In der Arbeitswelt bekommt der Arbeitnehmer einen Arbeitsauftrag, den er meist in Abstimmung mit anderen Kollegen ausführen soll bis zu einem bestimmten Datum. In der Realität hat man es dann mit hilfreichen, nervigen, boykottierenden, nichtwissenden oder langsamen, unwilligen Kollegen/innen zu tun. Viele Handicaps auf dem Weg zum Arbeitsergebnis. Betrachtet man die Gruppenaufgabe "Erstellt zusammen ein Stärkencomic mit dem iPad" unter diesen Aspekten, dann sind hier ähnliche Fähigkeiten gefragt. Die Kleingruppe wird zusammengestellt und probiert mit der Technik und ihrem Arbeitsauftrag zurechtzukommen.

In der Feedbackrunde ist dann gefragt: "Was braucht ihr um zu arbeiten?" - genau wie im späteren Leben. Diese Fähigkeit konkret formulieren zu können, was kann ich und was brauche ich noch u. a. von den Mitschüler/innen, ist ein wichtiger Lernprozeß. Gerade in inklusiven Klassensettings ist oft wenig Zeit für Feedback. Ein großer Gewinn ist für I-Klassen, die Herausforderungen eines inklusiven Settings zu nutzen, um die Schüler/innen auf die Arbeitswelt vorzubereiten: Ein Team zusammenzustellen und die jeweiligen Stärken effektiv einsetzen.

Für die Umsetzung bedeutet dass ein „Mehr“ an Organisation und Vorüberlegung im Pädagoginnenteam sowie die Notwendigkeit kleinerer Gruppen. Mobile Technik kann dabei Prozesse erleichtern, weil sie Hürden abbaut bzw. I-Kinder keine technischen oder medialen Barrieren haben, um mitzuwirken. Für die zwei Jugendlichen mit Down-Syndrom war es kein Problem einen Comic mit der App „ComicBook“ auf dem iPad zu produzieren. Programmanwendung und Touchscreen beherrschten sie schnell bzw. brachten diese Medienkompetenz mit in die Schule. Fast alle Teilnehmenden haben ein Tablet oder ein Smartphone zuhause.

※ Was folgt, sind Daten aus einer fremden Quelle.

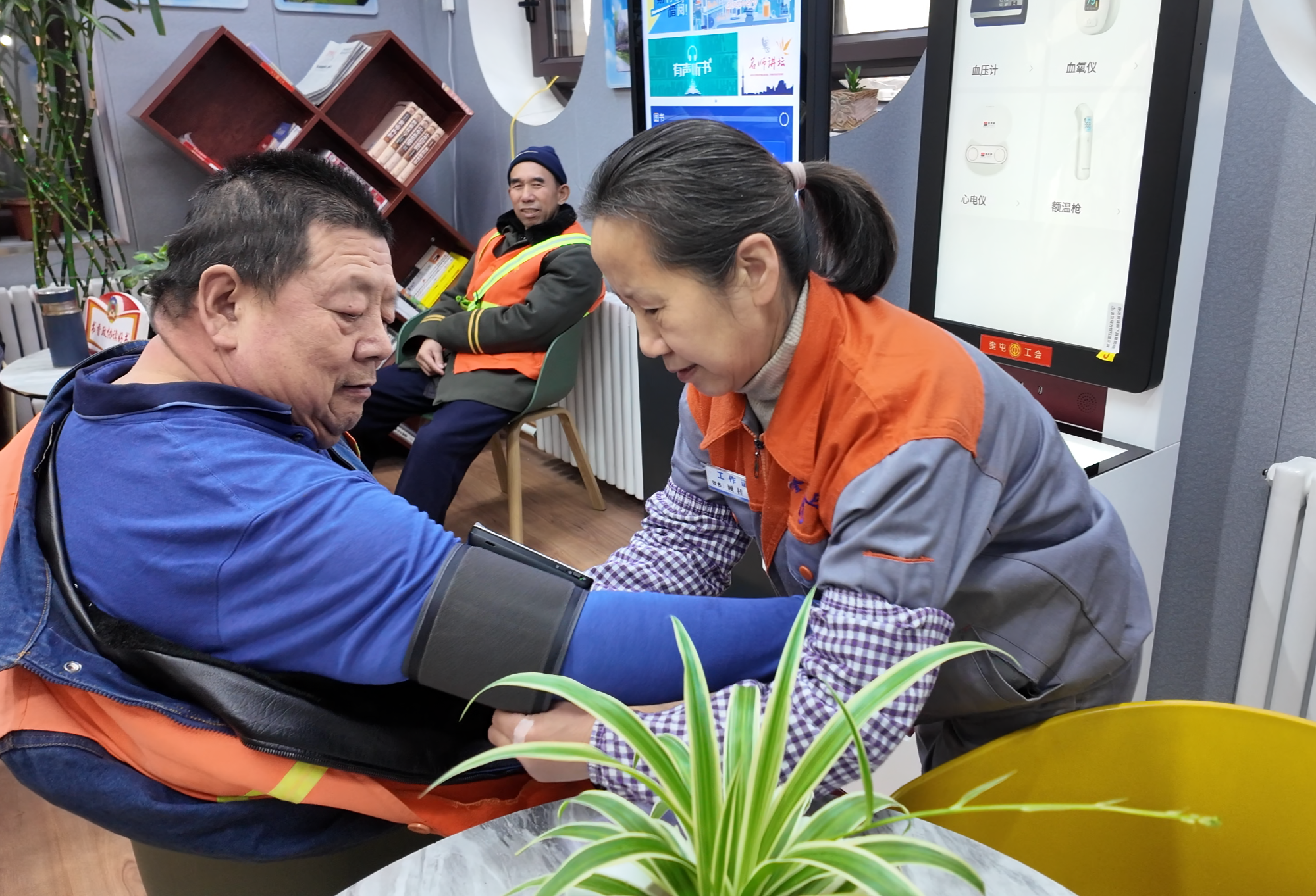 环卫工人张春燕说:“我们干完活儿来这儿,不仅能休息,还能量血压,而且工会驿站提供的设备齐全,让我们很安心,很舒适。”

Auf dem Weg in eine heterogene (Medien-Gesellschaft) könnte die inklusive Medienbildung einen großen Beitrag leisten. Mit Medien kommen Schüler/innen schneller und einfach an Informationen und können sich schneller und einfacher selbst ausdrücken und beteiligen. Die eigene Persönlichkeit in einer Welt voller Möglichkeiten zu entwickeln bedarf ein Mehr an Betreuung und ein Mehr an Orientierung. Inhalte zu sortieren und zu bewerten ist nicht nur eine Herausforderung für junge Menschen, sondern auch für die Entwickler/innen von Lehrplänen.

Das Projekt mobil+stark konnte einen auffrischenden Impuls geben für die Umsetzung der Inklusion für eine Schule, die auf dem Weg ist. Die jungen Teilnehmer/innen genossen das Miteinander in den Projektzeiten und hatten viel Spaß ihren Comic zu produzieren, der ihre Stärken visualisiert. Die Arbeitsatmosphäre war über die Projektzeiten hinaus sehr gut und die Ergebnisse wie auch das entstandene Making Of Video - mit der App „iMovie“ produziert - werden in der nächsten Schulversammlung präsentiert. Die erste Anfrage für ein weiteres mobil+stark Projekt wurde bereits gestellt!